El autor se retrotrae a su infancia para explicarle al niño de nueve años que fue cómo debe escribir la carta semanal a sus padres desde el internado.

QUERIDÍSIMO GILES. Hoy, domingo día 19 de abril del año 1970, escribirás tu primera carta. Es una gran responsabilidad y un chico que acaba de cumplir los nueve años no está muy preparado para ello, pero la carta semanal a tus padres es tarea obligada en el colegio internado al que acabas de llegar y donde vas a pasar los próximos cinco años. La hoja de papel vacía, aunque sea pequeña y reglada como la que tienes delante, agobia mucho, así que te voy a dar unos consejos que te puedan ayudar hoy, la semana que viene y, espero, para el resto de tu vida, si esto de escribir cartas sigue vigente, claro.

Tienes miedo a la escritura. Tus profesores ya han dictado sentencia sobre tu pésima letra “de araña borracha que se cayó al tintero” y te cuesta no mancharte los dedos, las manos y hasta la boca de la tinta de tu estilográfico plástico Platignum. Ya sabes lo que duele quitar estas manchas con piedra pómez.

El verano se asoma, los días parecen eternos, el olor a hierba recién cortada impregna el aire y te cuesta conciliar el sueño en ese cuartucho compartido

Eres un chico grande, o eso crees. Por eso te han mandado al internado. Tampoco te disgusta. El verano se asoma, los días parecen eternos, el olor a hierba recién cortada impregna el aire y —dado que todavía es de día cuando te meten en la cama— te cuesta conciliar el sueño en ese cuartucho compartido en lo que antes eran las estancias de los criados de esta enorme casa señorial en la campiña inglesa. Los fantasmas no te asustan, y seguro que hay muchos en esta casa gótica y algo tétrica que durante siglos fue hogar de una familia con apellido de pirata, los Hawkyns.

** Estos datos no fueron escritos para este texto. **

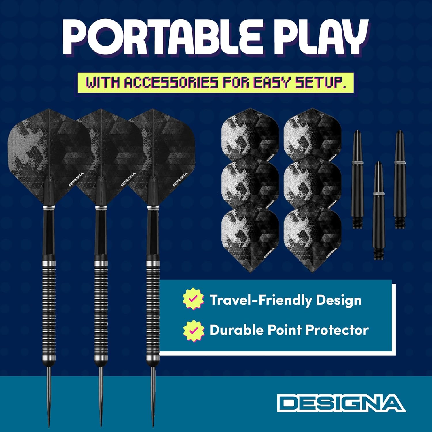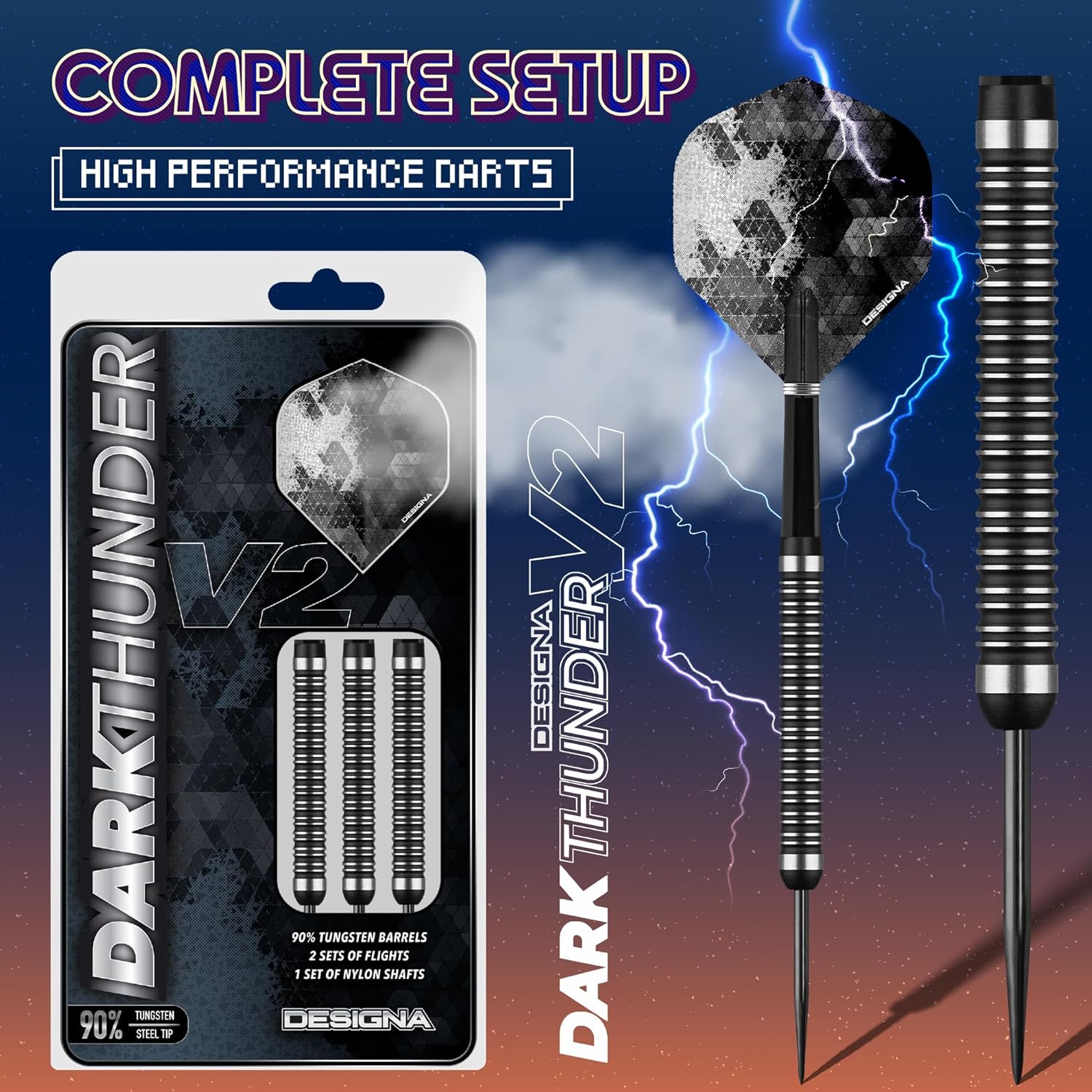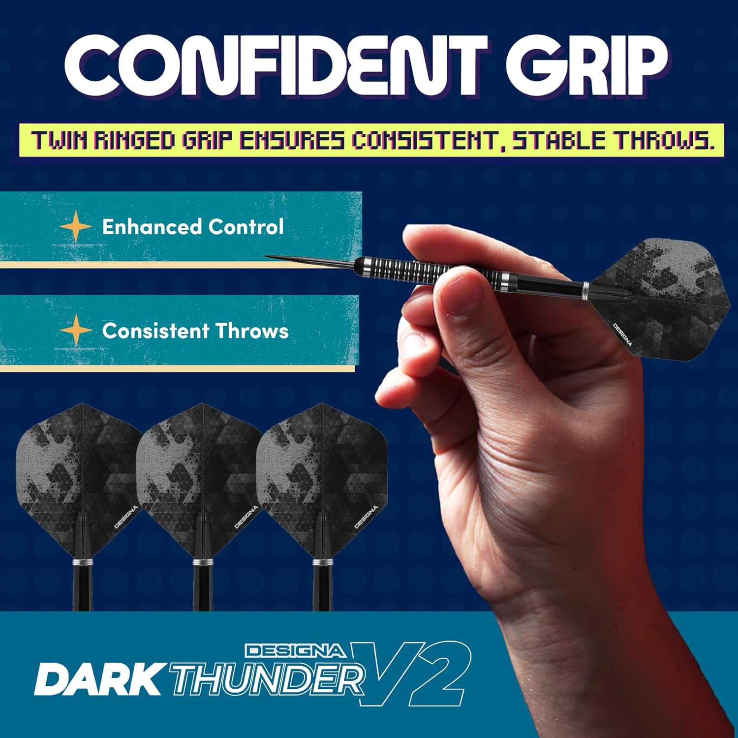 Unleash power and precision with the Designa Darts Dark Thunder D3531 90% Tungsten Steel Tip Dart Set – 20g, Black. Engineered for performance and control, this premium dart set delivers professional quality and striking style for players who demand consistency every throw.

Escribir es acortar distancias, y no solo las geográficas. Tus padres quieren saber que estás bien. Quieren ver tu letra, reconocerte en ella, sentirte próximo y sentirse padres. Así que desinhíbete. Diles que lloras por las noches, pero solo en la primera semana de cada trimestre. Diles que rezas por ellos y que eso lo has convertido ya en superstición, que si te olvidas de ello alguna noche temes que les pueda pasar algo grave al día siguiente.

Diles que la melancolía que te sobreviene por las noches —y que tú mismo provocas, ya que te gusta dramatizar— desaparece por las mañanas, y durante el día tus compañeros, la aventura del campo, del bosquecillo y de los jardines decadentes de la casa compensan el tedio de las clases y de esta lengua muerta que no aguantas, el latín. Y diles, claro y alto, que tu mayor ilusión es volverles a ver.

En el fondo, lo único que hay que comunicar es la verdad. Cuesta encontrar las palabras, eso sí, pero debes saber que tiene otra recompensa, que la escritura te puede servir para ti mismo. Que allí, en esa hojita —­de la que debes cubrir por lo menos una cara antes de poder salir a jugar—, está la vida entera: la libertad, la salvación, la angustia, el amor, el desamor, el llanto, la desesperación, la gloria y la euforia. Hazme caso, niño. Hay quien vive de ello.